ABOUT THIS EXERCISE. Set down the data again exactly. Pictures are not part of the copy.

PROVIDED DATA section start

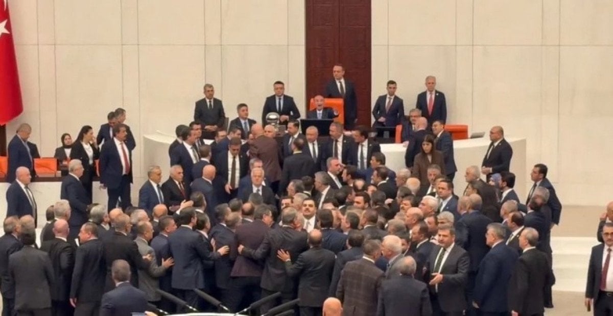 Tansiyonun yükselmesiyle milletvekillerinin birbirini ittiği, bazı vekillerin ise yumruk savurduğu görüldü.
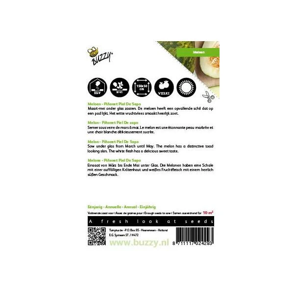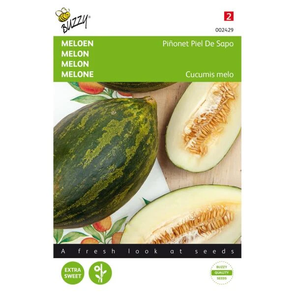 Een Spaanse meloen met wit vruchtvlees en een heerlijk zoete smaak. De schil van de Pinonet Piel De Sapo lijkt op een paddenhuid. Vruchten wegen 2 à 3 kilogram.
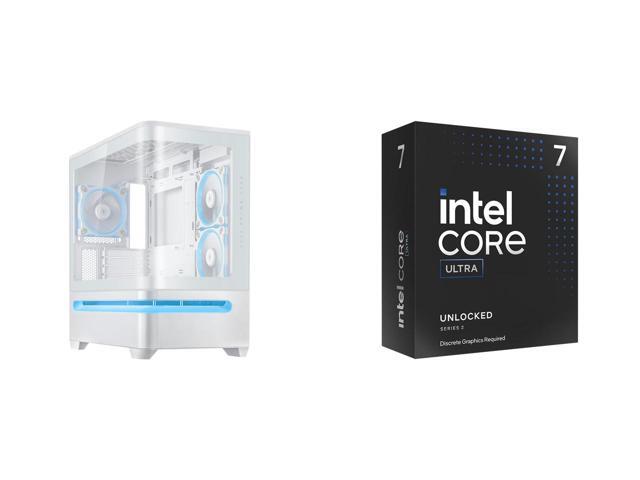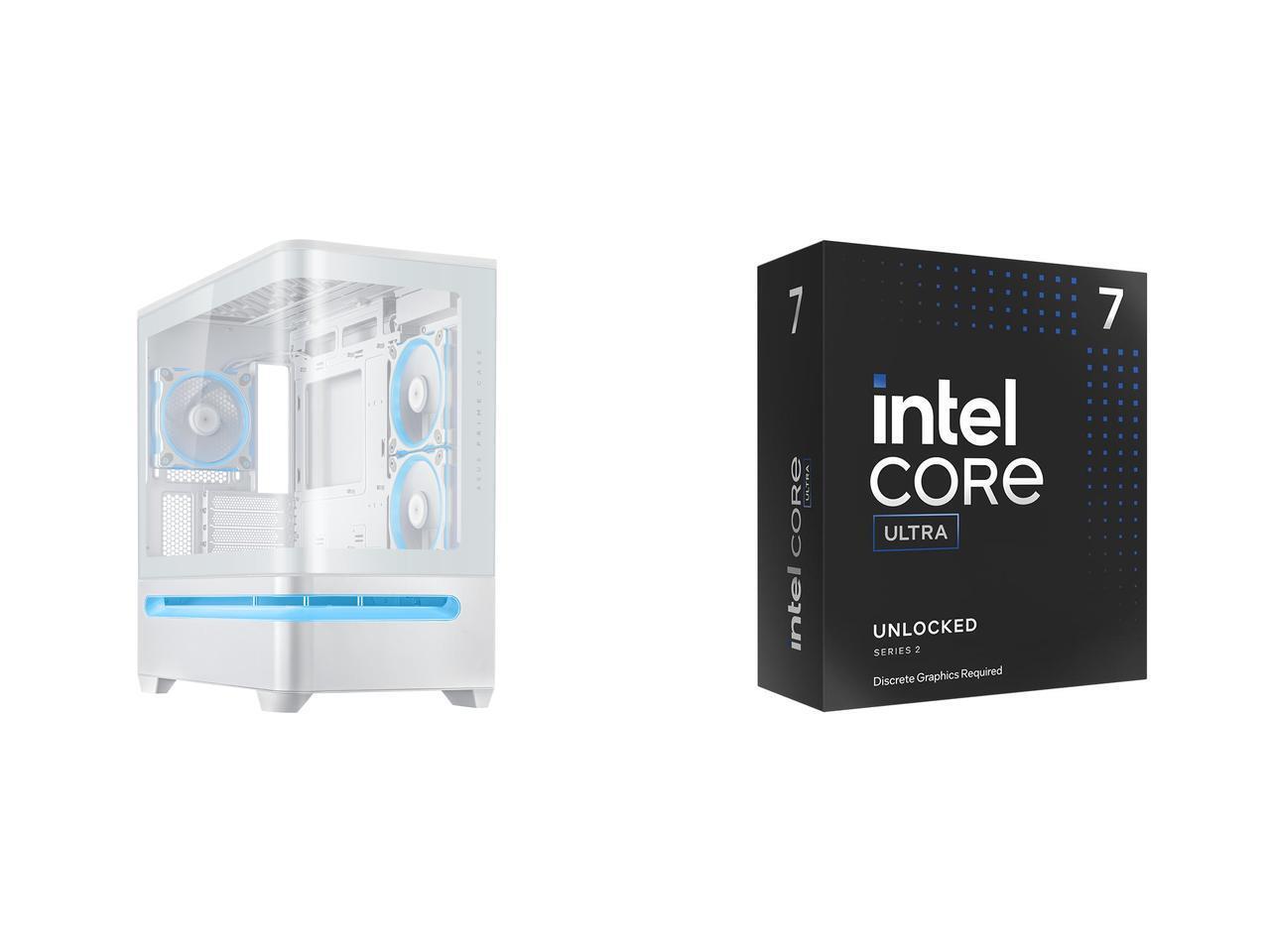 ASUS Prime AP202 ARGB White mATX case with fully tempered curved glass, supports graphics cards up to 420mm long, 360mm long radiators, easy-detach rail, patented slot vent, built-in three ARGB fans Intel Core Ultra 7 265KF, Arrow Lake 20-C
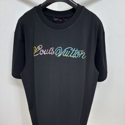 Louis Vuitton 25烫钻签名T恤 经典Monogram花朵刺绣 男士宽松短袖 珍珠徽标装饰 路易威登烫钻签名设计 Louis Vuitton 2024春夏新款 潮流烫钻T恤 奢侈品牌签名款 多尺码可选 M-3XL Louis Vuitton烫钻系列
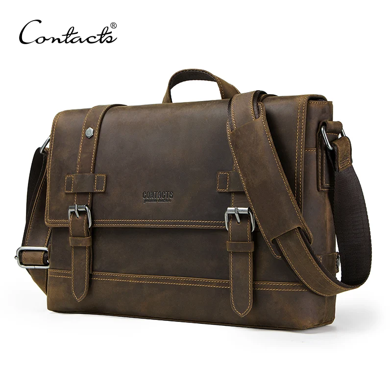 CONTACT'S сумасшедший конь натуральная кожа мужская сумка винтаж человек сумки на ремне для ноутбука сумки мужские высококачественные сумки через плечо 2019
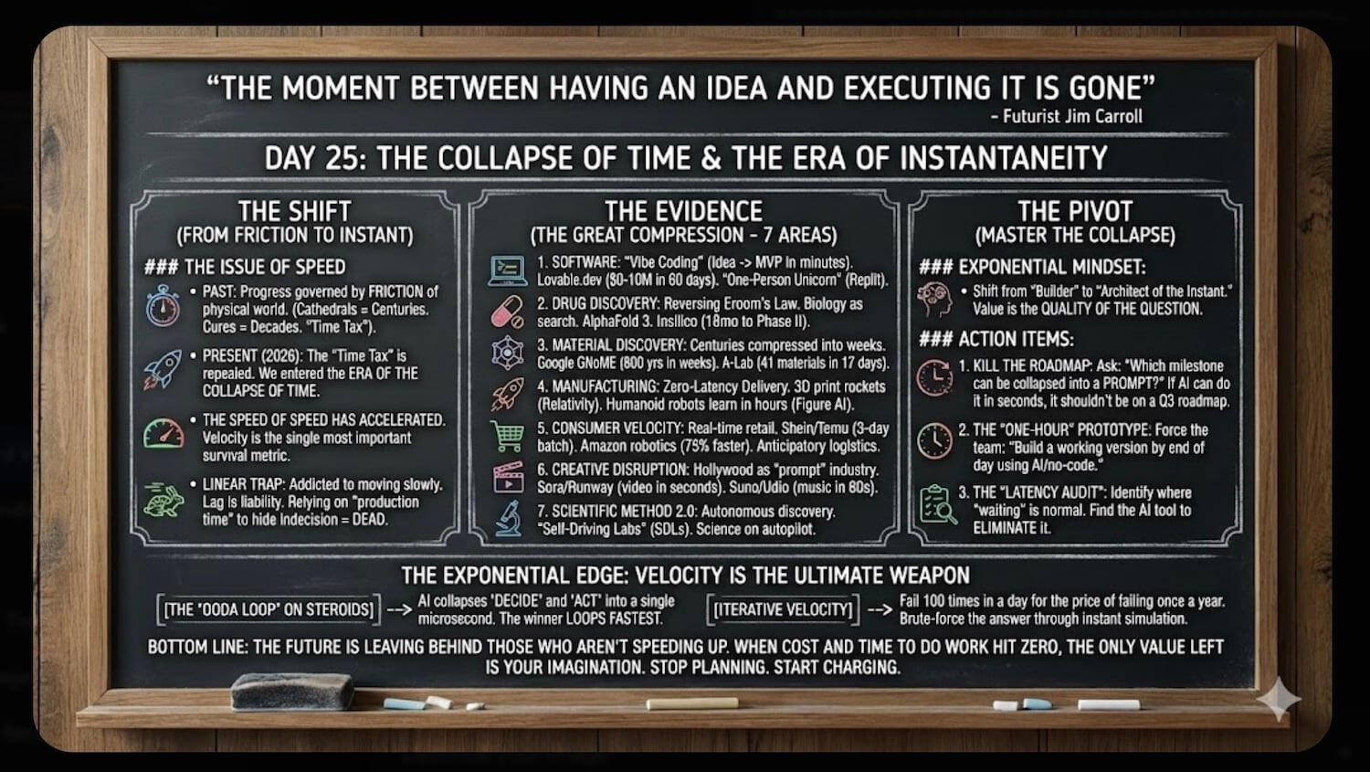 Iterative Velocity: As we discussed in Day 6 (Make Better Mistakes), the Collapse of Time allows you to fail 100 times in a day for the price of failing once a year. You don’t guess the future; you brute-force your way to the right answer through thousands of instant simulations. Vibing everything!

PROVIDED DATA section end

COMPLETED TASK.
 Tansiyonun yükselmesiyle milletvekillerinin birbirini ittiği, bazı vekillerin ise yumruk savurduğu görüldü.
 Een Spaanse meloen met wit vruchtvlees en een heerlijk zoete smaak. De schil van de Pinonet Piel De Sapo lijkt op een paddenhuid. Vruchten wegen 2 à 3 kilogram.
 ASUS Prime AP202 ARGB White mATX case with fully tempered curved glass, supports graphics cards up to 420mm long, 360mm long radiators, easy-detach rail, patented slot vent, built-in three ARGB fans Intel Core Ultra 7 265KF, Arrow Lake 20-C
 Louis Vuitton 25烫钻签名T恤 经典Monogram花朵刺绣 男士宽松短袖 珍珠徽标装饰 路易威登烫钻签名设计 Louis Vuitton 2024春夏新款 潮流烫钻T恤 奢侈品牌签名款 多尺码可选 M-3XL Louis Vuitton烫钻系列
 CONTACT'S сумасшедший конь натуральная кожа мужская сумка винтаж человек сумки на ремне для ноутбука сумки мужские высококачественные сумки через плечо 2019
 Iterative Velocity: As we discussed in Day 6 (Make Better Mistakes), the Collapse of Time allows you to fail 100 times in a day for the price of failing once a year. You don’t guess the future; you brute-force your way to the right answer through thousands of instant simulations. Vibing everything!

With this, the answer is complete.